“When it comes near night she took up the baby an’ walked over to the mine, ready to throw herself on her knees to Philip before them all when he come up out of it, an’ beg him to forgive the temper of her that drove him to take her at her words an’ go down to seek for work that was ill-fitting a gentleman. There was a crowd coming over from the shaft, early as it was, an’ as she come nearer she saw some of the men carrying one between them that looked, by the way the hands hung, as if he had no life in him. There was no need to tell her who it was, there was no call to tell her how it happened, for she knew that it was Philip before they brought him a step nearer. It was no use for the women to come around to comfort her, to tell her ’twas an accident that took the life that was a hundred times better worth saving than her own. Her heart told her ’twas herself killed him by the rage that drove him to take her at her word, an’ it turned to lead in her bosom, an’ ever since she has waited for the punishment that is coming, for she knows that her life will be taken as his was. The same way that others long for life, she longs for death; an’ she dare not take her life with her own hands, or many a time she would have done it, for waiting an’ waiting is a part of her punishment, an’ she will shirk none of it. But, oh! it’s a weary, weary life, an’ it takes patience to bear it.” She rose at the last words, which were uttered in a sort of moan, and, opening the cottage door, walked out into the cloudy darkness, which was not even lighted by stars. Philip, excited by her strange manner and the story he had heard, sprang up as if to follow her, but his grandfather stopped him.

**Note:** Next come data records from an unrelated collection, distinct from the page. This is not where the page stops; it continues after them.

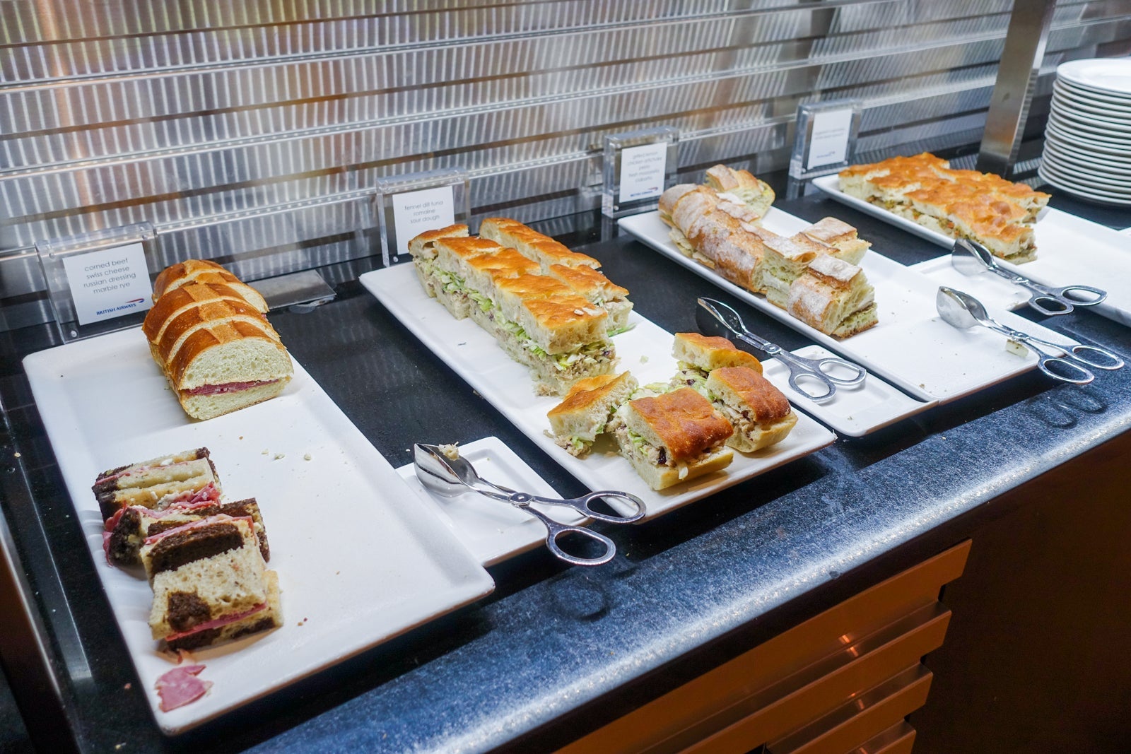 The food options were limited, and it appeared that the lounge staff was slowly shutting down the space so they could go home. I scoured the place for sustenance and only found tiny sandwiches, cheese, crackers and cookies.
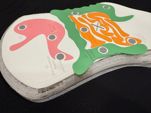 The outer layer acts like a protective lid and visual guide for the whole device. It is made from TPU that is smooth, wipeable, and resistant to sweat and everyday wear. On its surface, a simplified anatomical diagram of the stomach and intestines is printed, with clearly labeled regions and circular marks indicating the underlying electrode positions
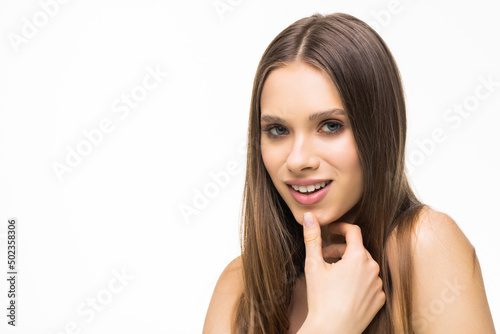 Young pretty woman with professional makeup isolated on white background. Beauty
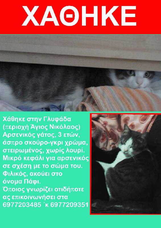 Χάθηκε ο Πάφι (Puffy) στη Γλυφάδα (περιοχή Αγ. Νικολάου), αρσενικός
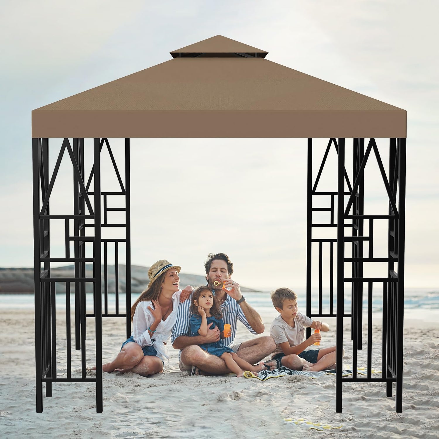 - MORE BREATHABLE: Top double tiered design, good wind vented, provide large shade and excellent airflow, keeping everyone cool in the shade. Expansion size 10x10 FT, comfortably accommodates 6-8 people.
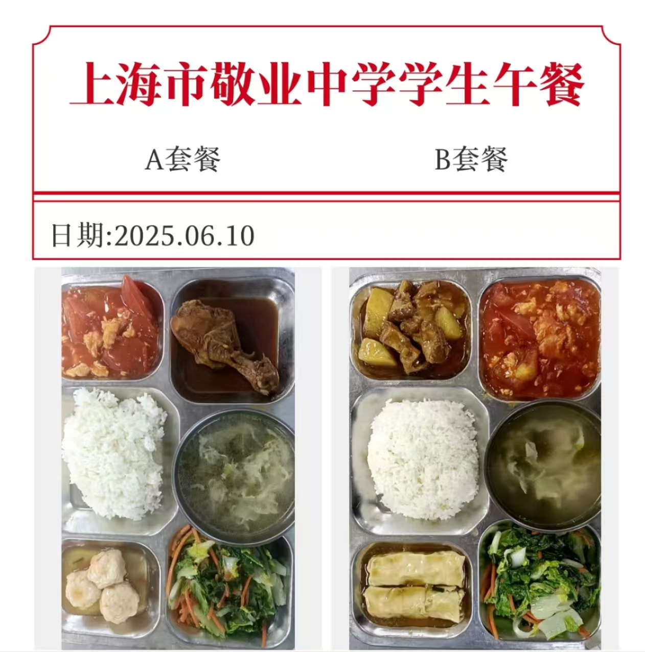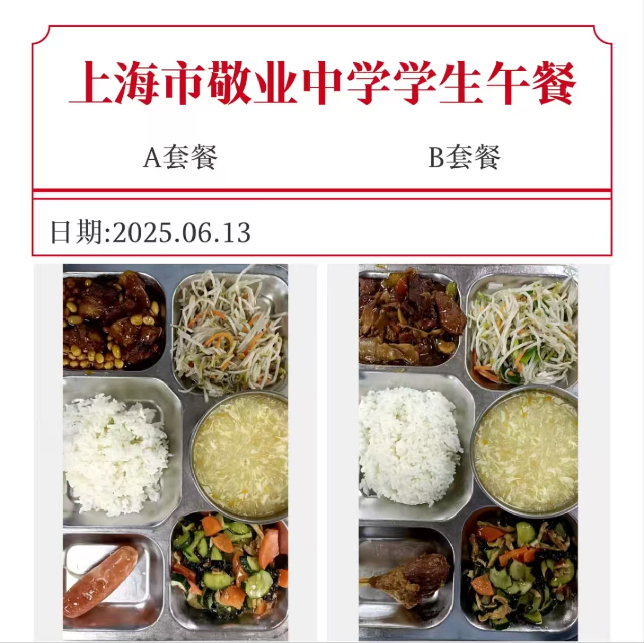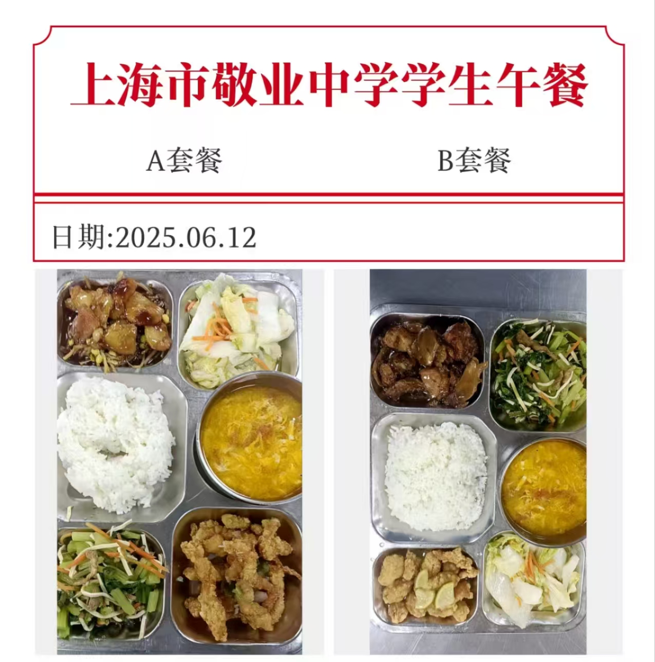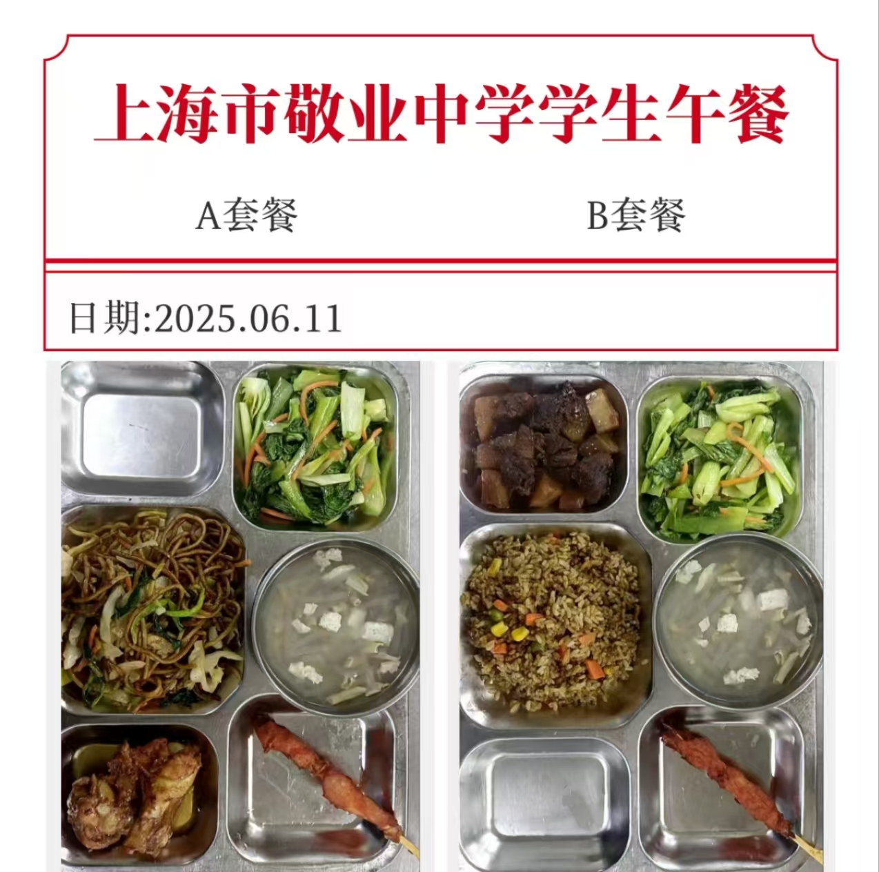 上海市敬业中学第17周学生午餐公示
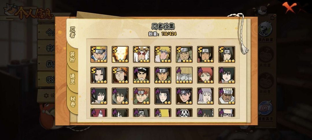 - 忍者总数:118/424,阵容丰富,可玩度高,轻松应对段位赛和娱乐局
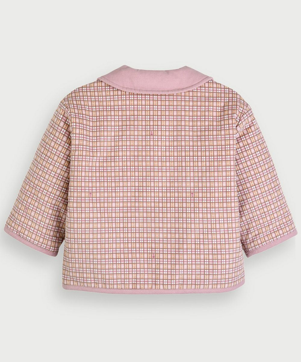 幾何学柄ピンク長袖ニットカーディガン
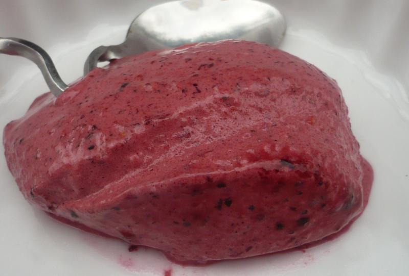 500 grs de fruits congelés : Pour moi c'est mûres, cassis, framboise.... j'adore les fruits rouge ! Pour la prochaine fois je mettrai des fraises pour adoucir un peu !
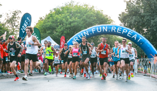 A 10-mile relay race with teams comprised of 4 runners. Each participant runs a 2.5 mile loop from one central transition area.
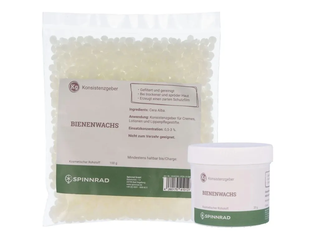 Bienenwachs ist ein Konsistenzgeber für kosmetische Produkte, gleichzeitig schützend bei trockener, spröder Haut. Es hinterlässt einen leichten Film auf der Haut und ist daher gut geeignet für Hand- und Schutzcremes.
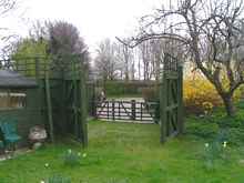 Access is difficult from a narrow lane, fortunately the church car park is opposite so I lined up the gates with this and made the doors 12' width to allow for backing the trailer into the garden.
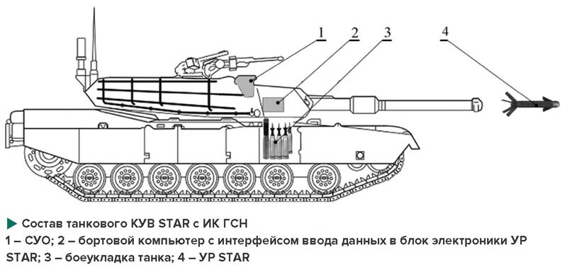 СУО комплекса управляемого вооружения STAR состоит из прицела наводчика с лазерным дальномером и GPS приемника, установленного на танке. Для способности внедрения управляемой ракеты STAR в бортовик танка вводится новое соответственное программное обеспечение. Танковый выстрел STAR содержит управляемую ракету и гильзу.
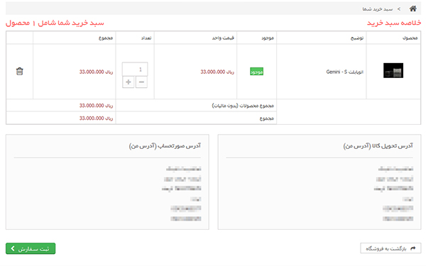 در این مرحله محصولاتی که شما برای خرید انتخاب کردید را به همراه خلاصه فاکتور، قیمت و تعداد هر محصول را به شما نشان می دهد. همچنین در این مرحله شما می توانید تعداد هریک از محصولات انتخابی را کم، زیاد و حتی حذف کنید. سپس بر روی لینک "ثبت سفارش" کلیک کنید.
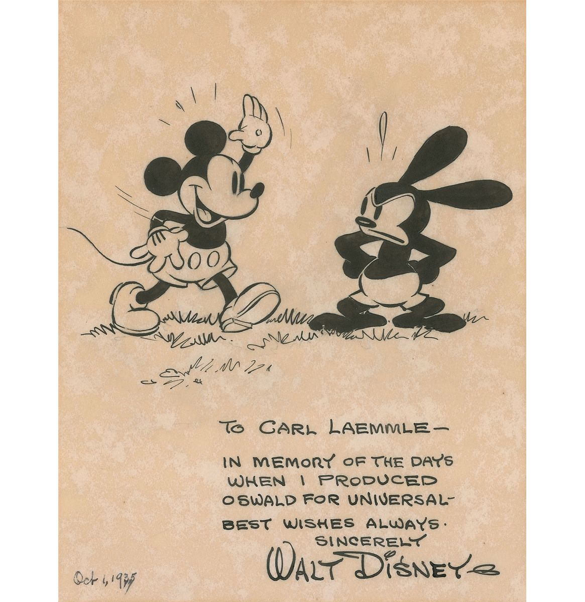 Incredibly rare original vintage signed and inscribed pen and ink sketch of Mickey Mouse and Oswald the Lucky Rabbit on an off-white 7 x 9 sheet of parchment-type paper, presented to Universal Studios founder Carl Laemmle on the 20th anniversary of the building of Universal Studios. This drawing and signature, though not in Disney’s hand, was done under Disney’s direction by artist Hank Porter. Sketch shows Mickey walking towards Oswald waving his hand, with Oswald looking fairly unhappy at seeing Mickey as he has his hands on his hips. Inscribed underneath, “To Carl Laemmle—In memory of the days when I produced Oswald for Universal—Best wishes always, Sincerely, Walt Disney.” Sketch is dated in the lower left by the Laemmle family, “Oct 1, 1935.” In very fine condition.
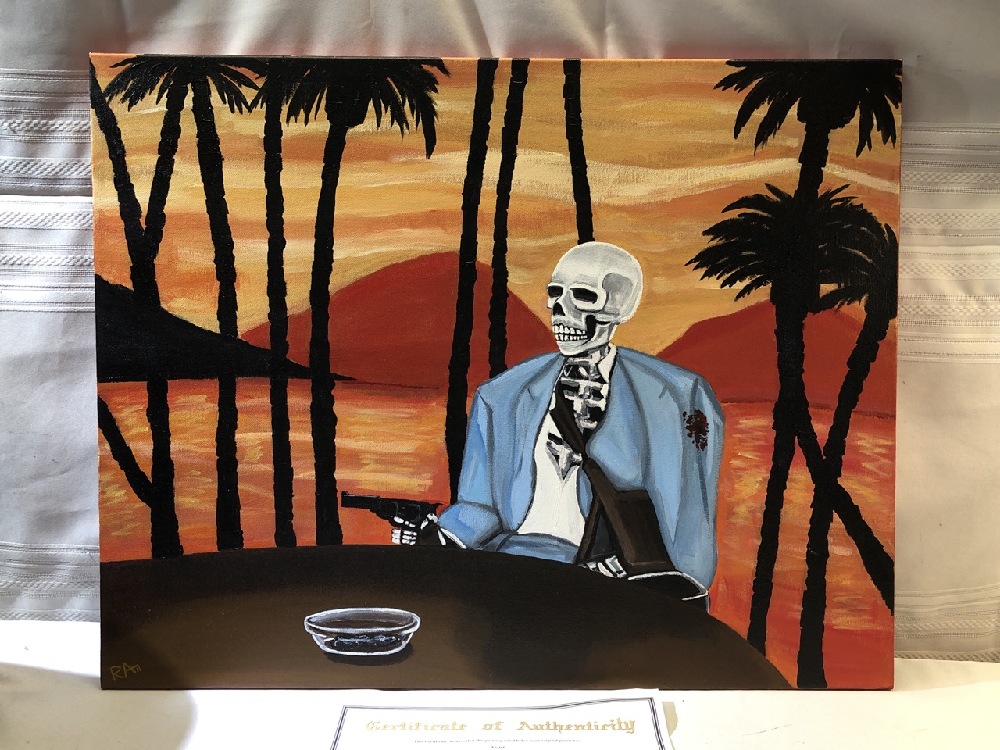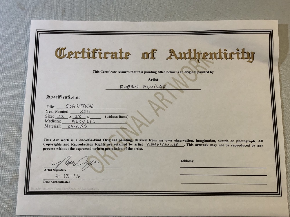 One-of-a-kind Original Acrylic on Canvas “Scarface” -22” x 28”- Signed Ruben Aguilar With Certificate of Authenticity.
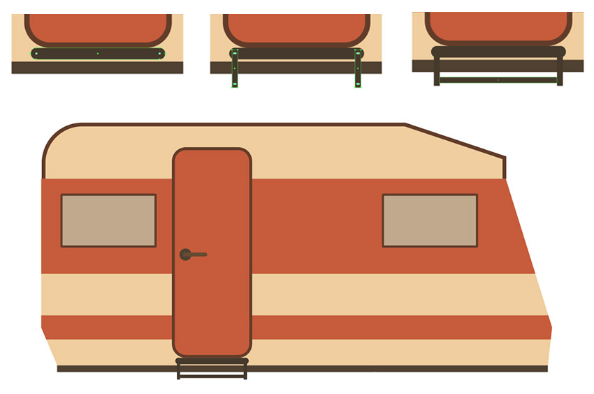 步骤4、在拖车的车身顶部建立一个 552 x 67 像素的矩形, 使用 #613d26 来着色它。使用添加锚点工具 (+), 并在形状的右边缘的底部添加一个附加的锚。使用前面的方法, 将右上角的锚点向左移动大约120像素。使用直接选择工具 (A) 选择棕色形状的左上角锚点。你可以看到角落里显示的圆角小部件。只要抓住小部件, 把它拉到中心, 这样就会出现圆角。
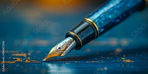 A fountain pen with blue and gold accents lays on a blue surface with a blurry background

“Let ’er be, lad,” he said; “she goes out often that way nights after you are sleeping, an’ she comes back the better for it, so I never try to hinder her. That was a hard story for her to tell, an’ I’d spared her if she’d let me.”
“But why did she tell it, an’ why did she say I must hear it sometime?” asked Philip, almost in a whisper.
“It was folly in her, sheer folly,” was the answer. “But she had the notion to tell thee; an’ now it is said, thee needs to think no thought about it again.”
“But did I ever see the lass?” persisted the boy curiously.
“If thee did, thee wouldn’t know it,” was the unsatisfactory answer.
“I think she was a rare one to save the men that time,” said Philip.
“Ay, was she, true enough,” said the old man proudly.
“What became of the baby?” asked Philip.
“From the day,” said his grandfather, “that they took the dead body of her husband out of the door to bury him, the poor young widow went down to the mine to work along with the men, an’ till the boy was old enough to run she took him on her back with her, tied in a big shawl. She has a strange notion that she is to meet a violent death down there, the same as her man did. Some folks say she’s crazed with the trouble; but however it is, no one can put her off from believing that, sooner or later, her life must go to pay for his.”